1945 U.S. Tax Ct. LEXIS 250 | Tax Ct. | 1945
Lead Opinion
OPINION.
It is the respondent’s contention that the petitioners, as grantors of the trusts under consideration, are taxable on such net income under the doctrine of Helvering v. Clifford, 309 U. S. 331. In that case it was held that where “the bundle of rights” retained by the settlor “as a result of the terms of the trust and the intimacy of the familial relationship” resulted in the retention of “the substance of full enjoyment of all the rights which previously he had in the property” the income is taxable to him under section 22 (a) of the Internal Revenue Code. The respondent submits that the rights retained by the petitioners in the trusts under consideration were so great as to make them in substance the owners of the income. He calls attention to the fact that by paragraphs first and fifteenth of the trust instruments the petitioners had the authority to manage, sell, transfer, and exchange trust property as though they were the absolute owners thereof; that the trust instruments gave them the further authority as trustees to invest the funds of the trusts in any securities they might in their uncontrolled discretion deem proper without restriction and to have any securities which were a part of the trust funds registered in their names as trustees or in the names of their nominees; that they were authorized to take and keep trust securities unregistered so that they could pass by delivery; and that they had the right, in the event of distribution of principal, to divide the principal in any manner they saw fit. He further points out that no books of account or records of the trusts were kept by the trustees, but that such accounts were kept on the books of the L. A. Smith Co.

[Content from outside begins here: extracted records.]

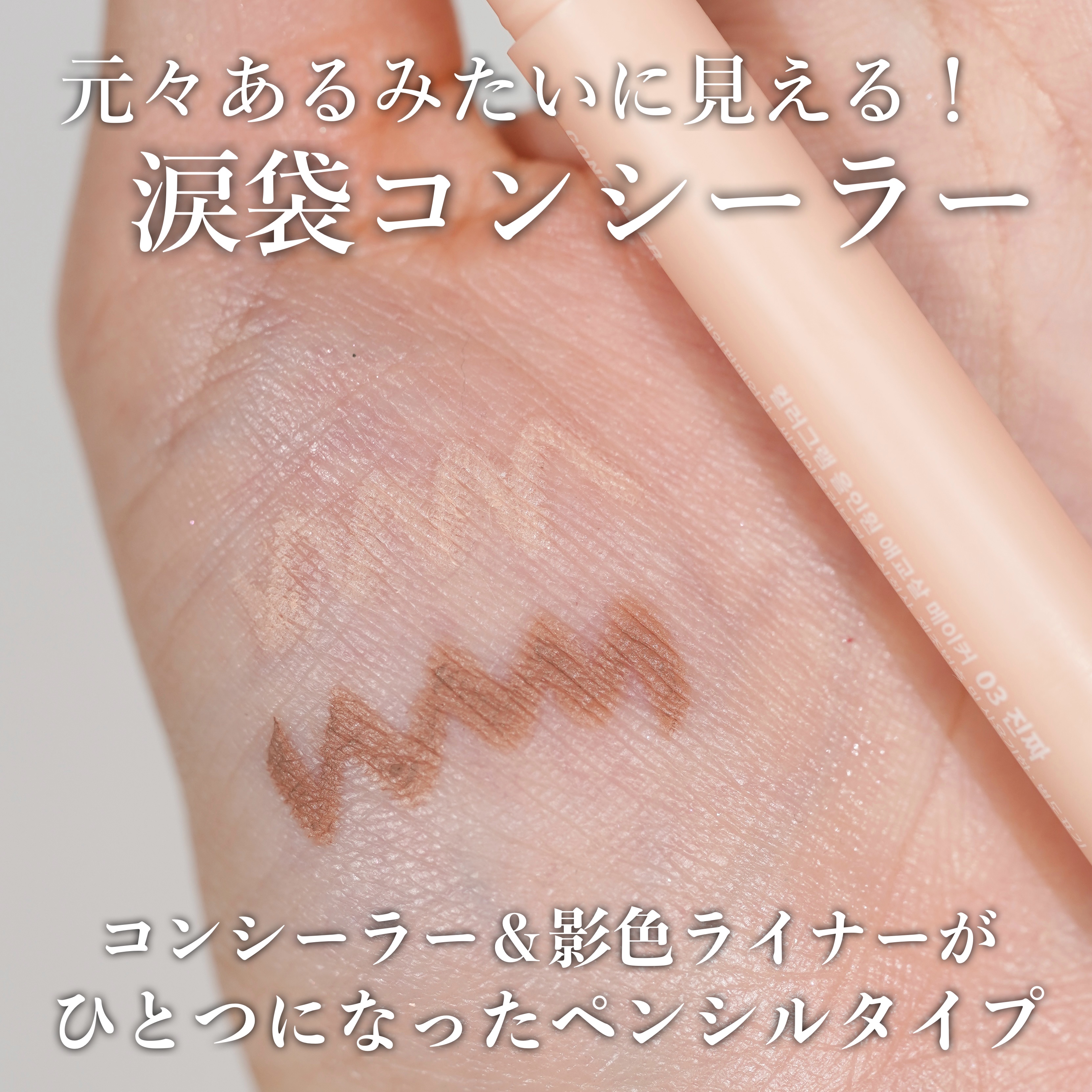 - 1.2色で簡単 涙袋完成 陰影ライナーで涙袋の影をサッと描いて 反対側のカラーシャドウで涙袋全体を埋めるだけで、 生まれつきの涙袋*のように ぷっくり自然な仕上がりに! 2. 粉飛びせずなめらかフィット 1回でスムーズに描ける柔らかい密着テクスチャー ムラなくヨレにくい、簡単にブレンディングできる クリームフォーミュラ 3. 描きやすい細芯タイプ 狭くて細い部位にも繊細なタッチでメイクが完成! 涙袋メイクに特化した #超繊細サイズ *メイクアップ効果による
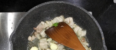 锅内留一些油,将五花肉倒进锅内煸炒;
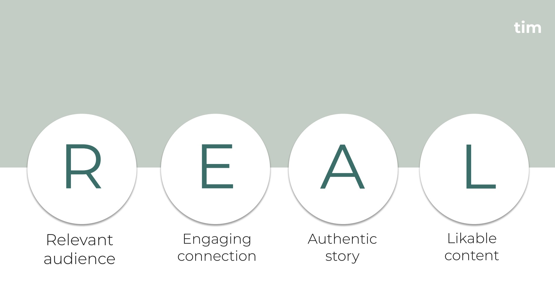 Waar we in 2016-2017 in de piek zaten en iedereen riep dat je iets moet doen met influencer marketing, begaven we ons in 2018 in de desillusie dip; de resultaten vielen tegen en er was sprake van een echte dip, tot ware schandalen aan toe (denk aan het Fyre Festival en de veelbekeken Rambam uitzending). Maar, zo stelt Doris, we zitten nu in de slope of enlightenment. Het is taak aan de slimme marketeers om kritisch te durven kijken naar influencer marketing en door te ontwikkelen; Uiteindelijk bereiken we in 2021 het plateau van productiviteit en gaat iedereen influencer marketing gaat inzetten. Doris stelt dat om dit plateau te bereiken onder andere 1 ding belangrijk is; focus op de REALness van de content die de influencers maken. REAL staat voor:
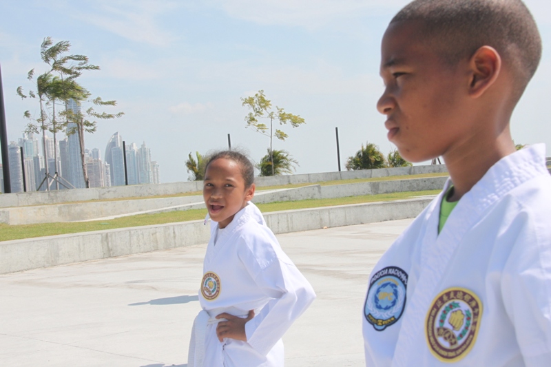 El sábado 18 de enero la escuela de Karate Tang Soo Do fundada por la Unidad Preventiva Comunitaria cumple un aniversario más. Este aniversario se llevo a cabo con una práctica en las inmediaciones de la Cinta Costera donde también se le hizo un brindis a los niños que participan de tan importante programa y de su innumerable esfuerzo, recibiendo así sendos reconocimiento por parte de la Organizacion Koreana de Tang Soo Do y otras competencias. Tras explicar que a través de este deporte se busca promover las buenas condiciones físicas de los niños, añadió que a través de esta actividad se pueden desarrollar las partes psicomotoras del niño y además ayudarlos en materia de disciplina y obediencia a sus padres, maestros y personas adultas. “El karate también los aleja del ocio de las calles, así como de las pésimas influencias de las malas compañías que pudieran tratar de atraerlos hacia el mundo de la violencia, el pandillerismo y las drogas”, comentó el Teniente Rudas. Estas actividades se dan como parte de los programas de acercamiento que lleva a cabo la institución con todos los adolescentes del país, con el objetivo de dar a conocer la misión fundamental de Proteger y Servir. |
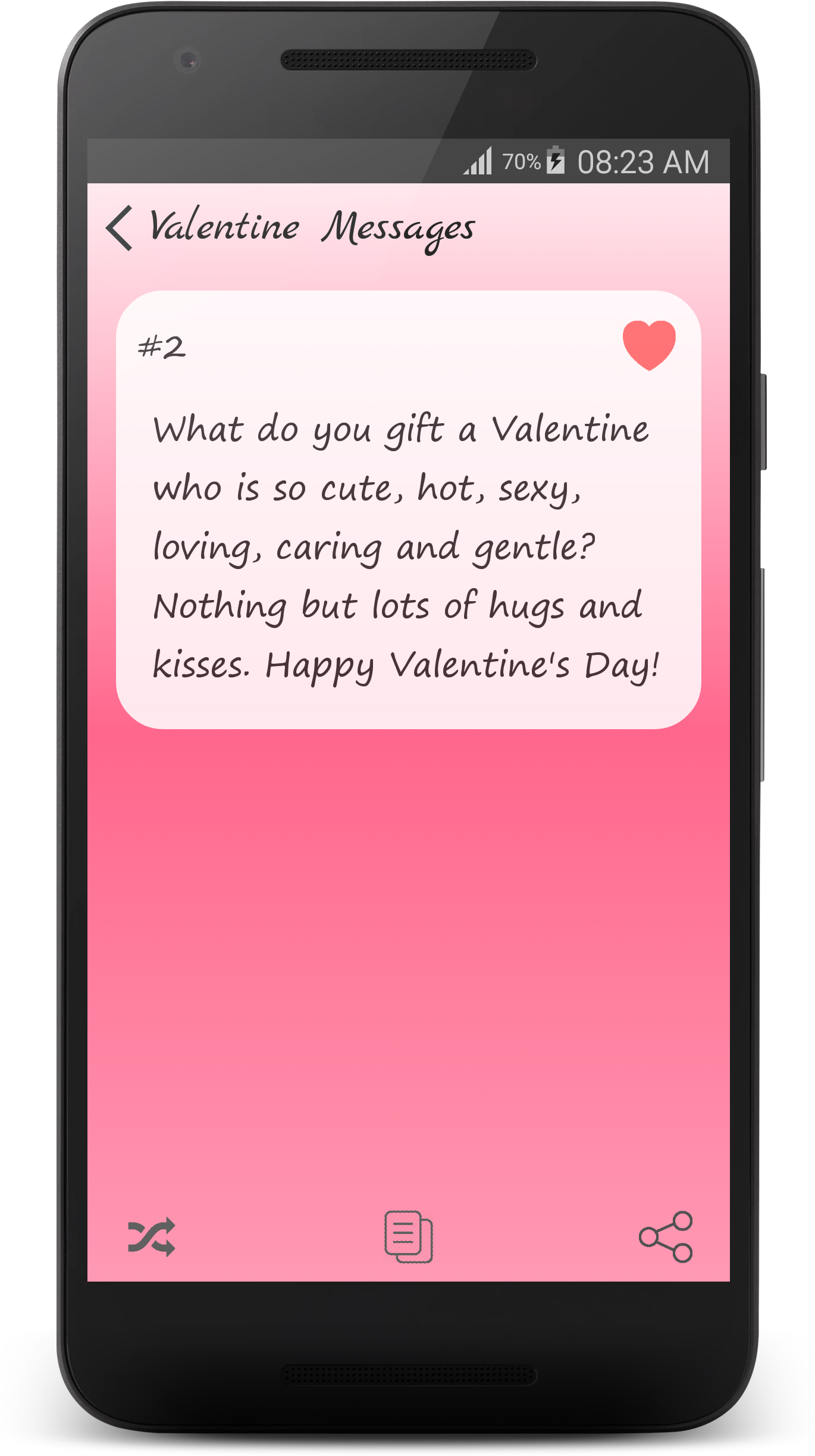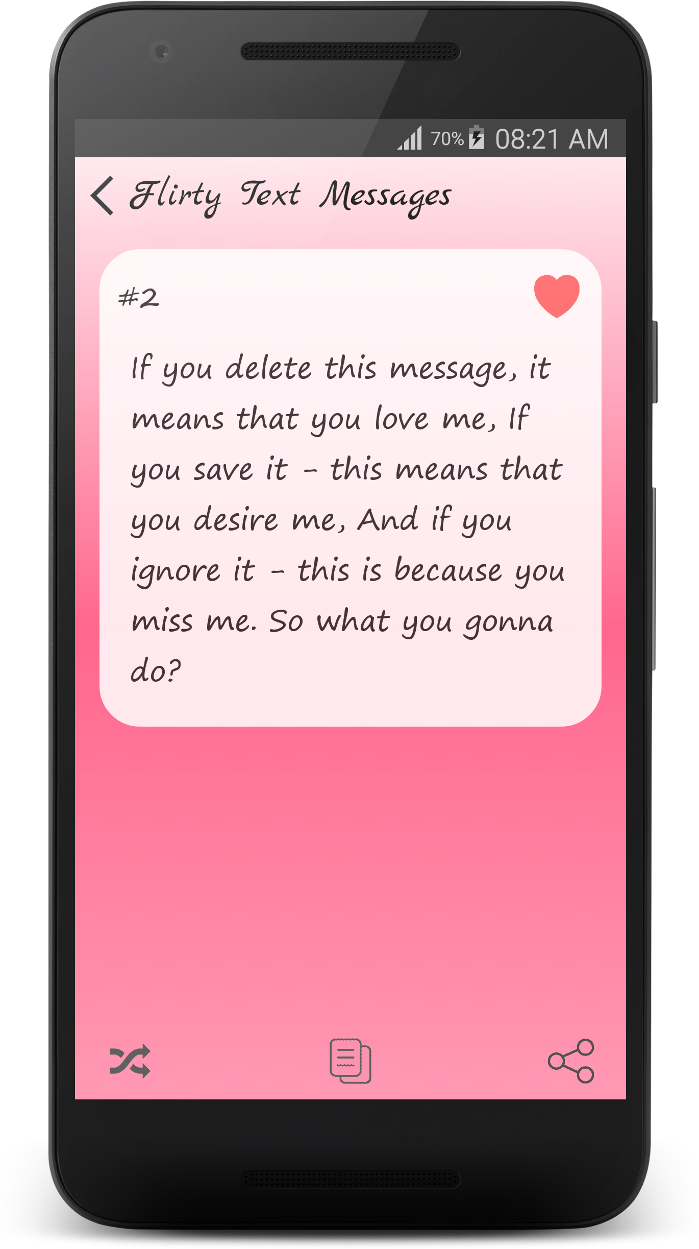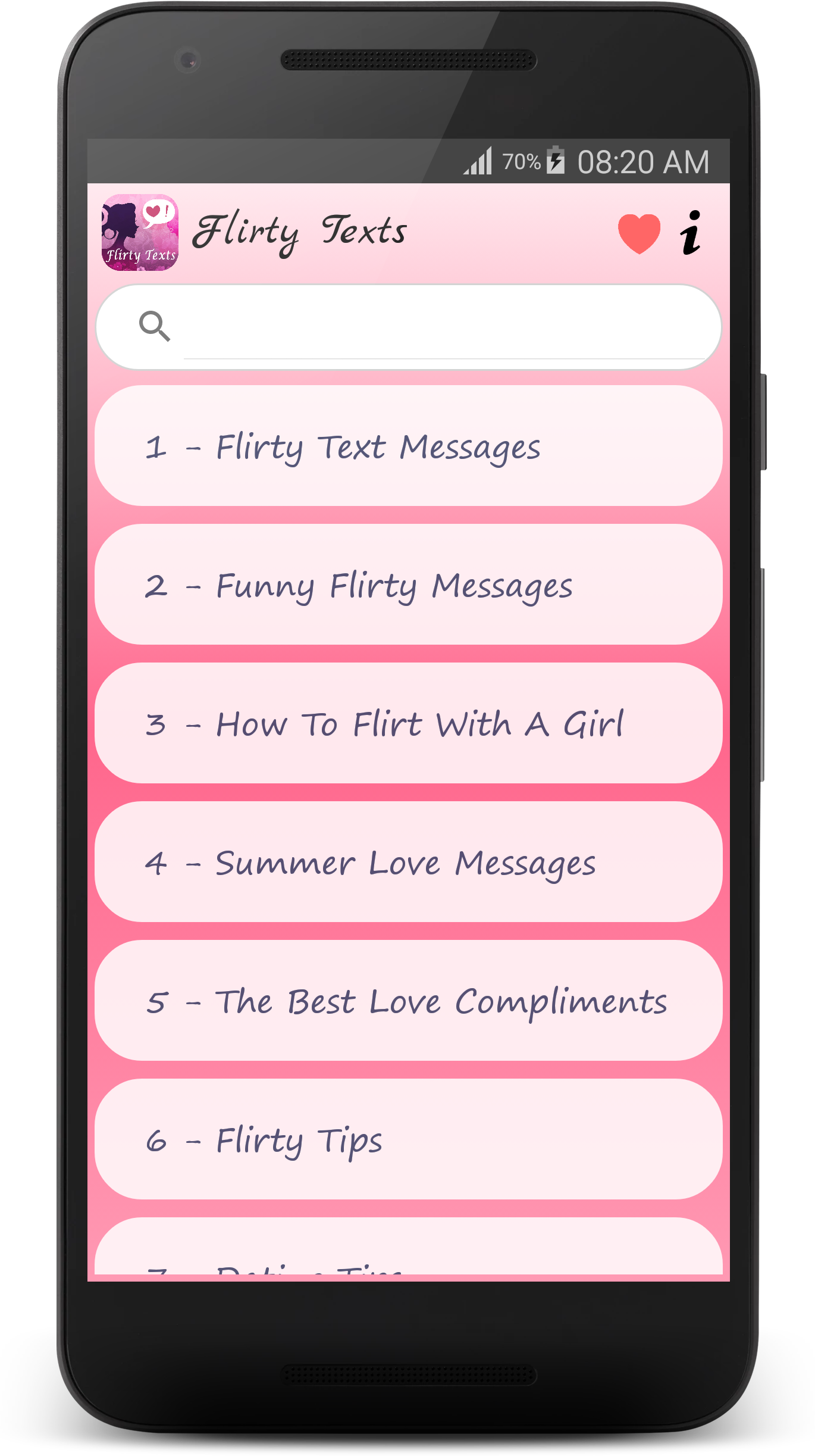 ☆☆☆ Flirty Texts - Special Love Messages Collection ☆☆☆ - Are you looking for Flirty Texts Examples and Love Messages? - Are you want to send a sexy or clever Flirt SMS to him or her? This cool Flirty Texts app can help! This Flirty Texts app is a collection of flirt sms, sweet sms, compliments, sweet text messages and cute flirty texts for him or for her. Pick from a wide selection of the best Flirt SMS messages, and let that special someone know how you feel! Our Flirty Texts is an app developed which contains many flirty tips and love sms to create, maintain and fulfill your love. Flirty Texts is an App that stores many Flirting Text Messages that you can use with the one you love. They are very cute & cool. He or She will love these messages. We will continue adding new messages timely. ☆☆☆ Categories of Messages in this Flirty Texts App ☆☆☆ ♥ [Hot Sms] Flirty Text Messages ♥ [Hot Sms] Sexy Text Messages ♥ [Hot Sms] Romantic Love Messages ♥ [Hot Sms] I Miss You Messages ♥ [Hot Sms] Cute Love Messages ♥ [Special Tips] How To Flirt With A Girl ♥ [Special Tips] Flirty Message Tips ♥ [Special Tips] Pick Up Lines ♥ [Special Tips] Dating Tips ♥ I Love You Messages ♥ The Best Compliments For Lover ♥ Valentine Messages ♥ Kiss Messages ♥ Honey's Birthday Messages ♥ Sweet Love Messages ♥ Heart Touching Messages ♥ Funny Flirty Messages ♥ Good Morning Messages ♥ Good Night Messages ♥ Love Quotes ♥ Lovely Nick Names ♥ Sorry Messages ♥ Break Up Quotes ♥ Sad Love ♥ Broken Heart ♥ Crush Quotes ♥ Funny Love Messages ♥ Christmas Love messages ♥ New Year Love Messages ♥ Love Poems ♥ [New Sms] Summer Love Messages ☆☆☆ App Features ☆☆☆ ★ Absolutely FREE with Impressive & Beautiful design! ★ Completely Offline Database (App can be processed without Internet). ♥♥♥ Ready to win over your sweetheart with love messages in our app ♥♥♥ ★ Copy, Share Flirt Texts and Love Messages to your loved once with only one touch. ★ Various types of flirty texts such as beautiful hug and kiss messages,romantic quote, messages of love, valentine messages, romantic love quotes, cute message, romantic massage to make you cherish and enjoy each and every kiss that comes your way. ★ Romantic Love Messages for girlfriend, boyfriend, husband, wife and all type of true love messages in one app. What a wonderful application! ★ Cute love poems are motivating and inspirational. Inspirational poems about love are the verbal expression of the feeling of people who are falling in love or who have failed in love. ★ If you want to show your love in the most meaningful way, this app is a good way to express your love and happiness will be always around you. "Flirty Texts" is a special love application. It is huge collection of romantic love messages and flirty messages for your loving life Don't be mushy and start to build your love dreams now! HOPEFULLY YOU & YOUR FRIENDS ALWAYS HAVE A LIFE FULFILLED WITH LOVE !! These are just basic features. We plan to have more great features adding on timely and also with more Flirty Texts. Flirty Texts is a nice application. It contains collection of compliments, sweet text message and sexy flirty messages for your LOVE. Get a sample of free flirty text messages and enjoy it today! Disclaimer: All messages are gathered from the web. We do not express any ownership of these messages. In case if any of these messages violated your copyright to remove the discrepancy. please send us an e-mail. We will respond at earliest. If you want to have more apps with high quality design and features, you can Rate 5 stars for the app and give us good comments. - Life Hack Studio - TAG: flirty texts, love texts, love message, flirty messages, flirty sms, hot messages, flirt sms, sexy sms, hot sms, Heart Touching text, lovely texting, Romantic Messages, Flirty Tips, Pick Up Lines, Dating Tips, Love messages, smart love lines, summer love

After careful consideration of the provisions of the trust instruments and the operations of the trusts during the taxable years here in question, we are of the opinion that nothing could have been done or was done by the trustees in respect of the trusts contrary to the best interests of the beneficiaries. We think that the petitioners as grantors of the trusts retained no powers which would relieve them from their responsibilities as trustees. As trustees they were required to manage the trusts for the interests of the beneficiaries. There is nothing to indicate that they did not so manage the trusts during the taxable years. It was in no way detrimental to the trusts that their accounts were kept in the books of the L. A. Smith Co.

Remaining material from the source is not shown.